# YOUR TASK
Span requested from the data below: the line with "화담채 전시관은 단순히" through the line with "子どもたちの登校前には、PT", both included. Give only these lines again, exactly, and leave every picture out.

# INPUT MATERIAL
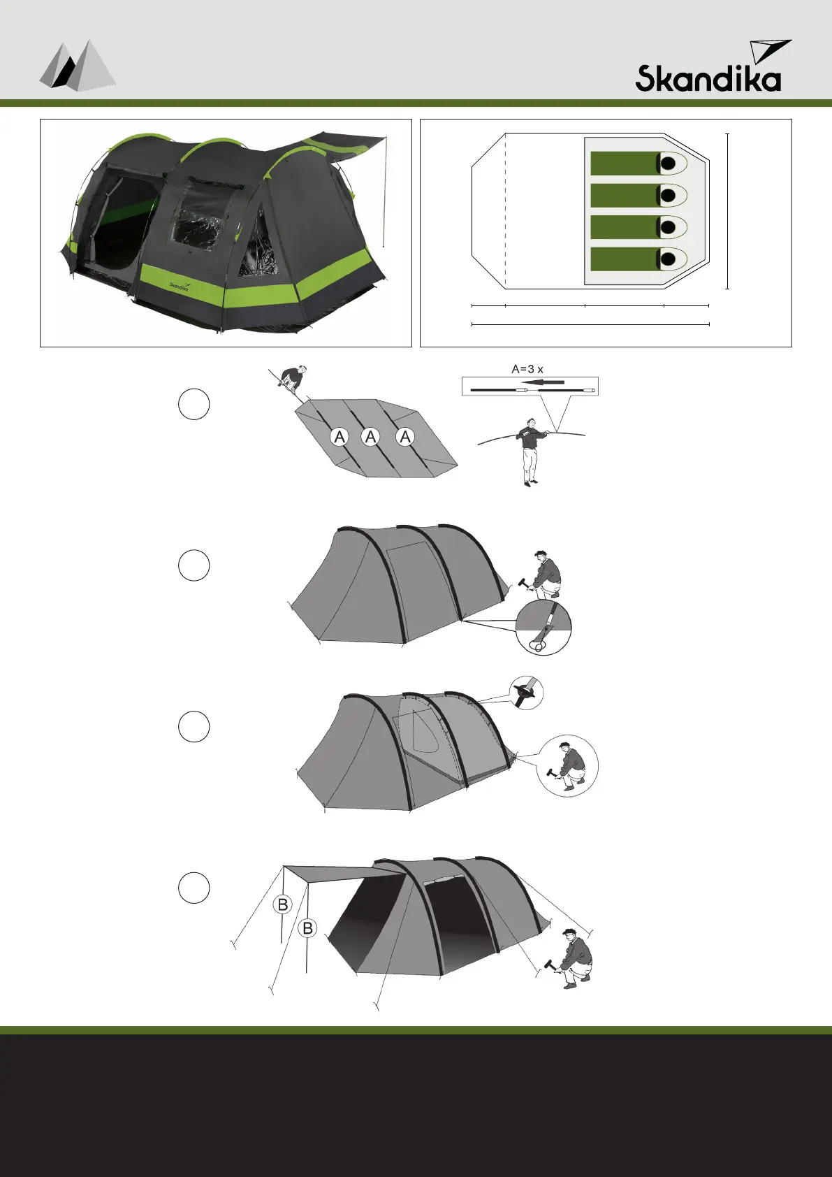 Læs gratis den danske manual til Skandika Kambo 4 (2 sider) i kategorien Telt. Denne vejledning er vurderet som hjælpsom af 17 personer og har en gennemsnitlig bedømmelse på 3.5 stjerner ud af 9 anmeldelser.
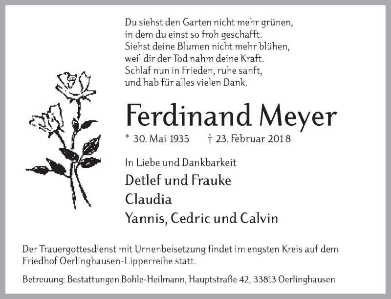 Hier finden Sie alle Traueranzeigen aus der Zeitung, die bisher für Ferdinand Meyer erschienen sind. Weitere Traueranzeigen, die in der Zeitung erscheinen, werden hier ebenfalls aufgelistet
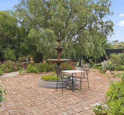 The outdoor spaces are equally enchanting. A beautifully bricked area provides a large sitting and entertaining space, complete with a charming water feature. Tall lamp posts are thoughtfully scattered throughout the grounds, adding character and ambiance. Boxed veggie gardens and mature, established trees enhance the propertys serene, picturesque setting.
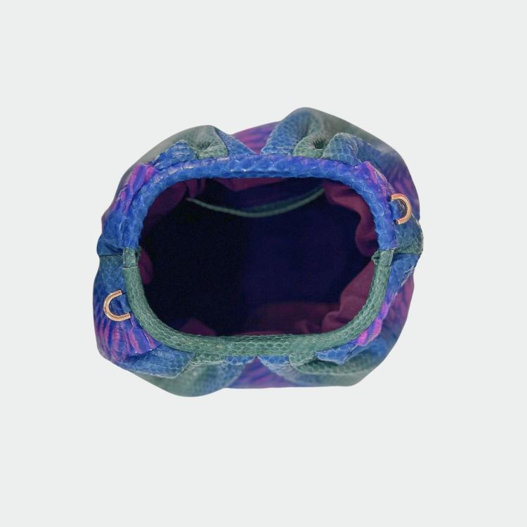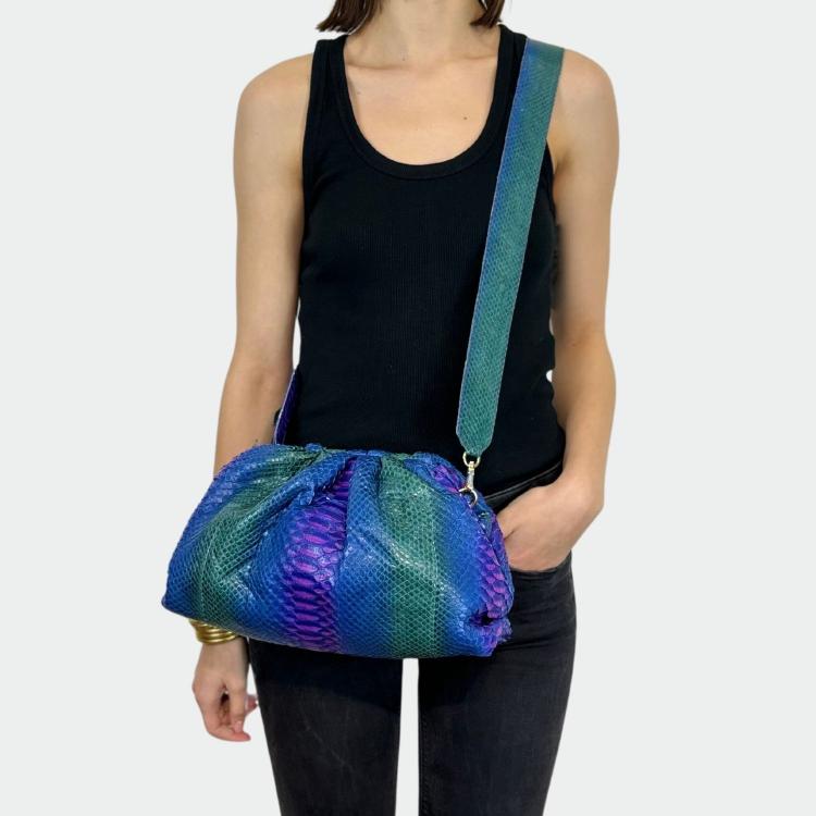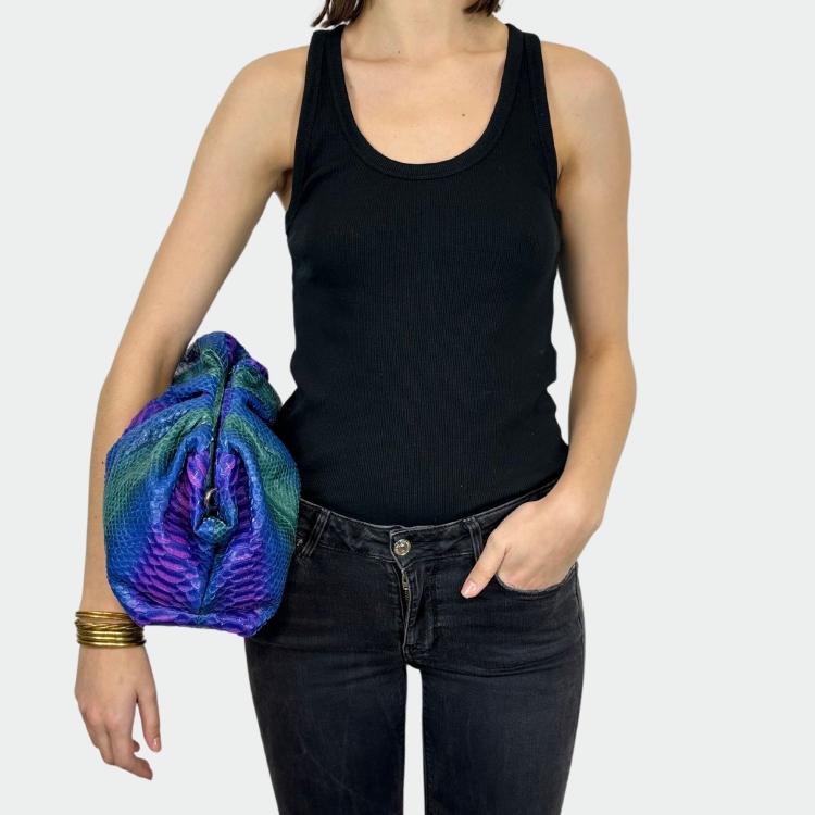 Zachte tas van python, met katoenen voering en magnetische sluiting. Enkel compartiment met klein zakje. Metalen afwerkingen. Afneembare schouderriem van python.
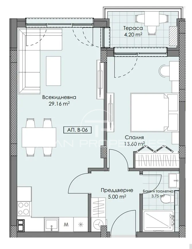 ДВУСТАЕН АПАРТАМЕНТ С АКТ 14 !!! Титан Пропъртис представя на вашето внимание двустаен апартамент в модерен жилищен комплекс, разположен в новостроящия се и бързо развиващ се квартал Остромила.Разполага с 1,5 дка зелени площи,Контролиран достъп и 24/7 видеонаблюдение за максимална безопасност и спокойствие,В рамките на комплекса ще има магазин за хранителни стоки и кафе-бар, предоставящи допълнително удобство за ежедневието на жителите.
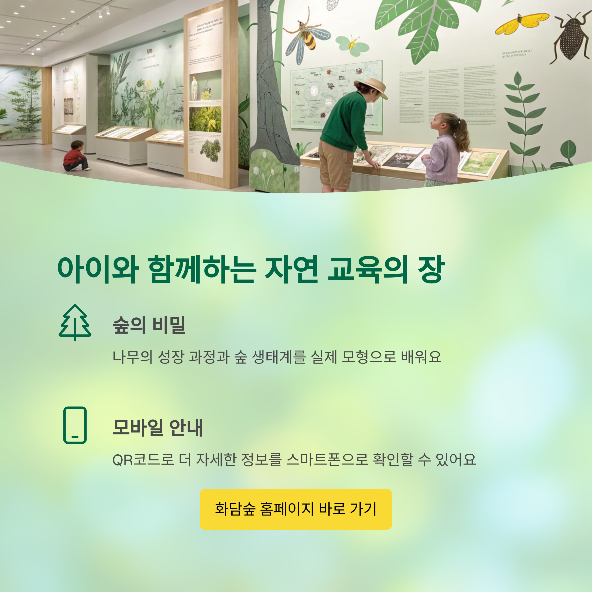 화담채 전시관은 단순히 전시물을 관람하는 공간이 아닌, 참여와 체험을 유도하는 구조로 되어 있어 자녀들과 함께 방문하기 좋습니다. '숲의 비밀' 코너에서는 나무의 성장 과정, 곤충과 식물의 공생 관계 등을 실제 모형과 함께 설명해 줍니다. QR코드를 활용한 모바일 안내 시스템도 준비되어 있어 초등학생 이상의 아이들도 흥미롭게 접근할 수 있도록 구성되어 있습니다. 부모 입장에서는 자연에 대해 함께 배울 수 있는 좋은 기회입니다.
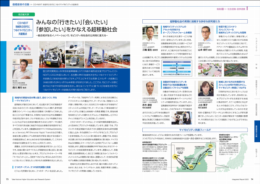 東海国立大学機構 統合報告書「INTEGRATED REPORT2023」に、COI-NEXT「地域を次世代につなぐマイモビリティ共創拠点」が紹介されました!
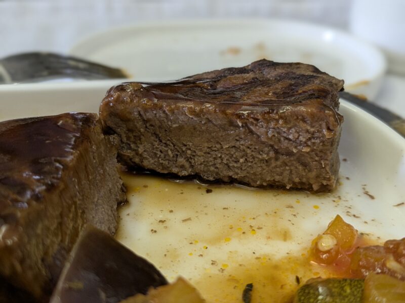 ▼牛フィレ肉のグリルデミグラスソース よく焼きで焼き鳥のハツみたいな地味深さだった…
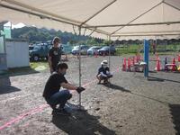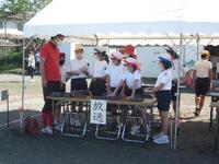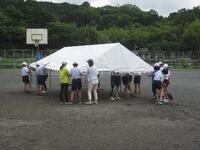 子どもたちの登校前には、PTAとおやじの会の方々がテント設営をしてくださいました。応援席には熱中症対策用のテントを、準備していただきました。
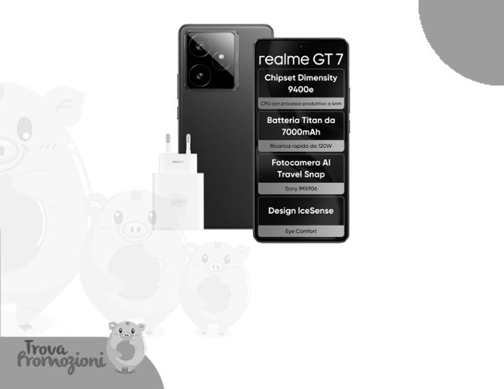 ๐๐ผ realme GT 7 Smartphone, 5G Dual SIM, 12 GB di RAM, 256 GB di ROM, display AMOLED da 6,8", chipset di punta Dimensity 9400e, batteria Titan da 7000 mAh, fotocamera da 50 MP, Nero (Adattatore incluso)
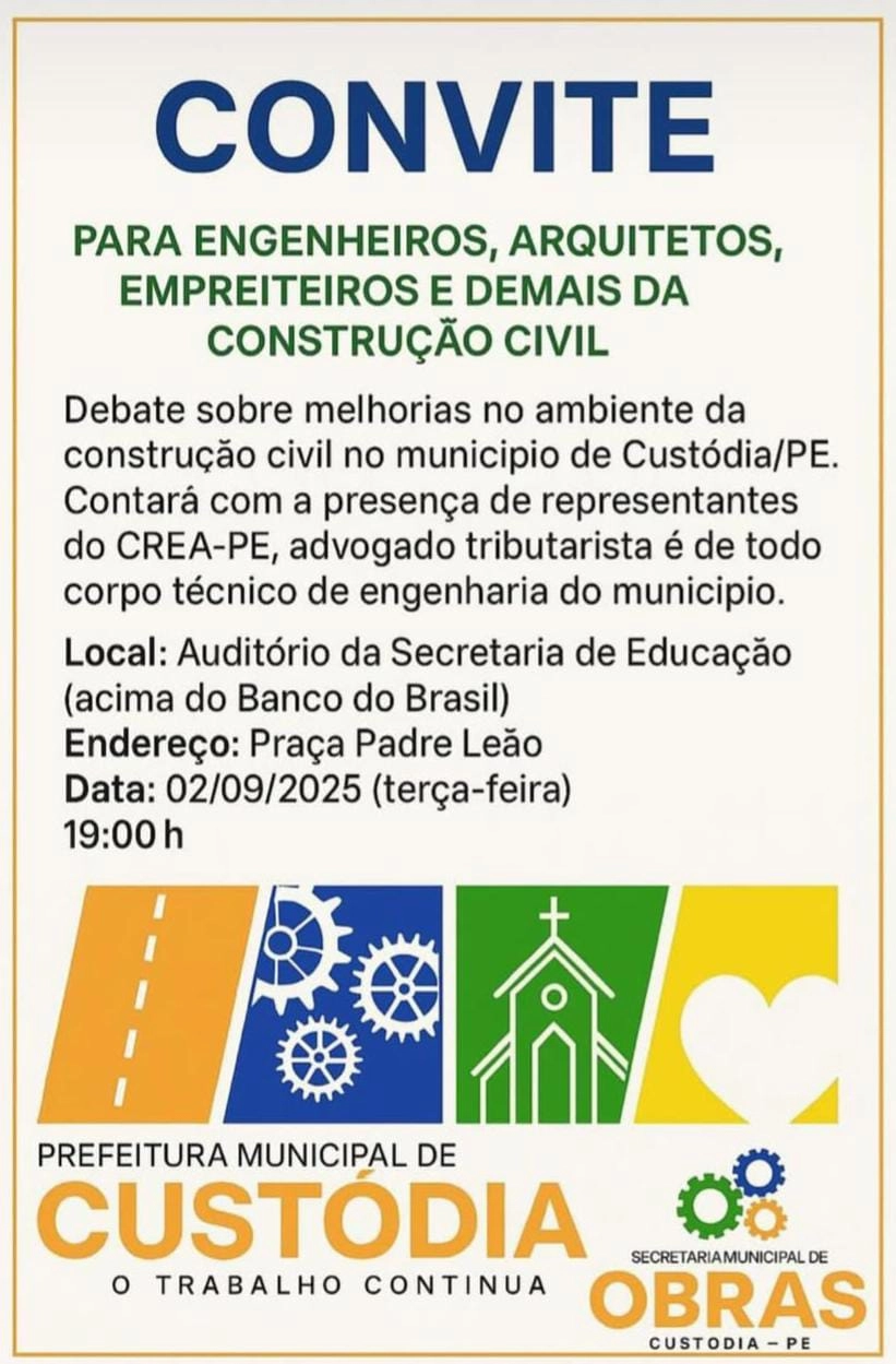 A Prefeitura Municipal de Custódia, em parceria com o Conselho Regional de Engenharia e Agronomia de Pernambuco (CREA-PE), realizará um debate para o aprimoramento do setor da construção civil no município.
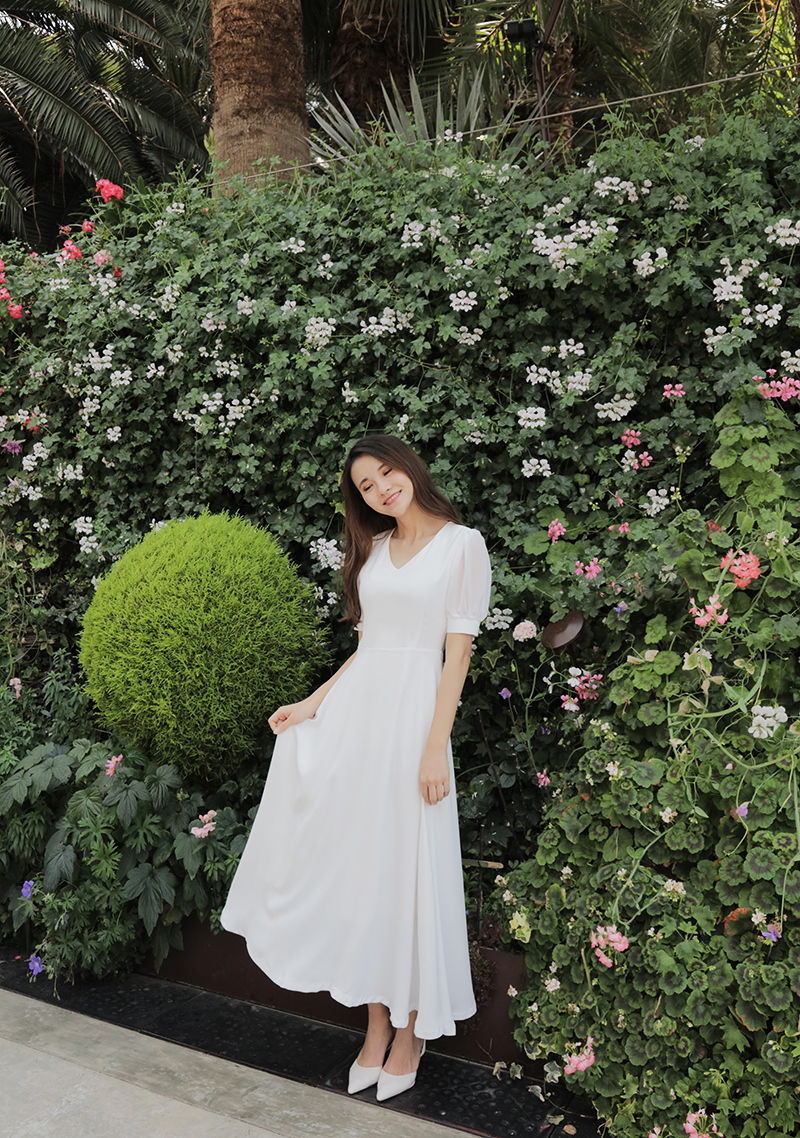 > Korea retro minimalist light wedding dress French style V collar art lawn wedding gown out of the house
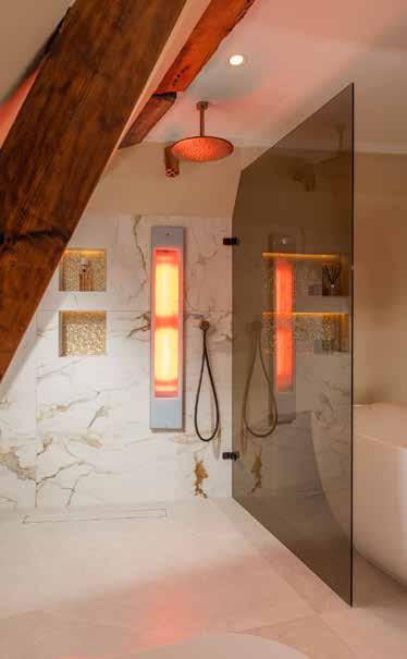 mental benefits, helping to ease muscle tension, improve circulation and create a sense of total relaxation at the end of a long day. Alongside this, innovations such as a Sunshower are becoming increasingly sought after. Combining gentle infrared heat with low-level UV light, a Sunshower can support muscle recovery, promote wellbeing and provide a subtle mood boost, all within the comfort of your own shower space. When paired with chromotherapy lighting, which uses colour to influence mood and energy levels, the result is a truly immersive experience. Soft, warm tones can help you unwind in the evening, while cooler hues can energise you in the morning, allowing your bathroom to adapt to your routine.
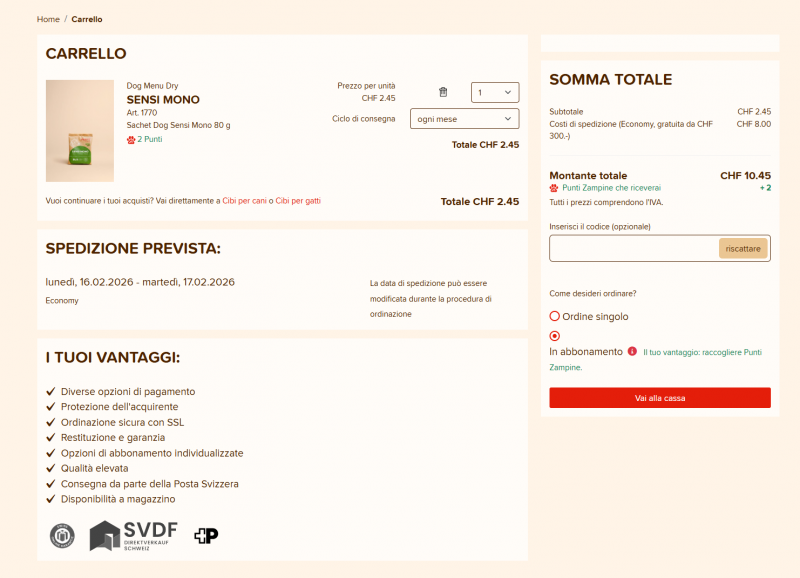 Per ogni acquisto ricevi un Punto Zampine per ogni CHF 1 di valore dell’ordine. Gli importi con decimali vengono arrotondati per eccesso a partire da 50 centesimi (ad esempio: un ordine di CHF 9.30 dà diritto a 9 punti, un ordine di CHF 9.80 dà diritto a 10 punti).

# RESPONSE AREA
 화담채 전시관은 단순히 전시물을 관람하는 공간이 아닌, 참여와 체험을 유도하는 구조로 되어 있어 자녀들과 함께 방문하기 좋습니다. '숲의 비밀' 코너에서는 나무의 성장 과정, 곤충과 식물의 공생 관계 등을 실제 모형과 함께 설명해 줍니다. QR코드를 활용한 모바일 안내 시스템도 준비되어 있어 초등학생 이상의 아이들도 흥미롭게 접근할 수 있도록 구성되어 있습니다. 부모 입장에서는 자연에 대해 함께 배울 수 있는 좋은 기회입니다.
 東海国立大学機構 統合報告書「INTEGRATED REPORT2023」に、COI-NEXT「地域を次世代につなぐマイモビリティ共創拠点」が紹介されました!
 ▼牛フィレ肉のグリルデミグラスソース よく焼きで焼き鳥のハツみたいな地味深さだった…
 子どもたちの登校前には、PTAとおやじの会の方々がテント設営をしてくださいました。応援席には熱中症対策用のテントを、準備していただきました。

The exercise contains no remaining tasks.